(INFORMATION PROVIDED begins)
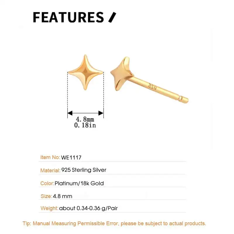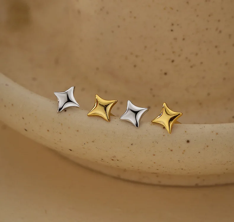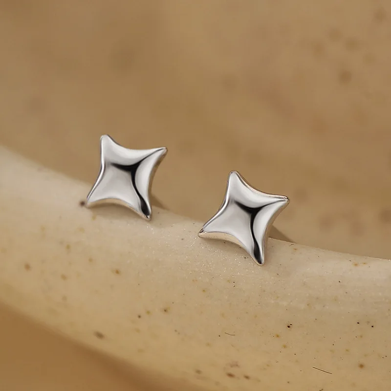 Jewel Type : F.I.N.S Minimalist S925 Sterling Silver Square Star Heart Studs Earrings Fashion Simple Small Piercing Stacked Ear Fine Jewelry
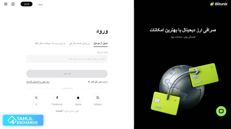 ثبت نام و ورود به صرافی بیت یونیکس
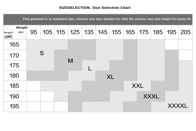**Size Selection:** 95-XXXXL (in weight) / 165-195 cm (in height)
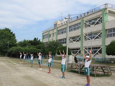 こちらの3年生も、朝礼台の先生と息を合わせたラジオ体操です。
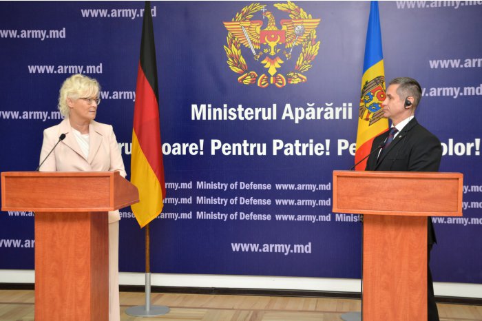 Chişinău, 1 oct. /MOLDPRES/. Ministrul Apărării Anatolie Nosatîi și ministrul Apărării al Republicii Federale Germania, Christine Lambrecht, au susținut astăzi, la Chișinău, declarații de presă cu privire la cooperarea moldo-germană în sectorul de apărare, comunică MOLDPRES.
(INFORMATION PROVIDED ends)
* PROBLEM REQUIREMENTS: Pictures do not belong in your copy; restate word for word the lines from the one containing "cm (in height)" through the last line of the records above.

* WRITTEN SOLUTION:
**Size Selection:** 95-XXXXL (in weight) / 165-195 cm (in height)
 こちらの3年生も、朝礼台の先生と息を合わせたラジオ体操です。
 Chişinău, 1 oct. /MOLDPRES/. Ministrul Apărării Anatolie Nosatîi și ministrul Apărării al Republicii Federale Germania, Christine Lambrecht, au susținut astăzi, la Chișinău, declarații de presă cu privire la cooperarea moldo-germană în sectorul de apărare, comunică MOLDPRES.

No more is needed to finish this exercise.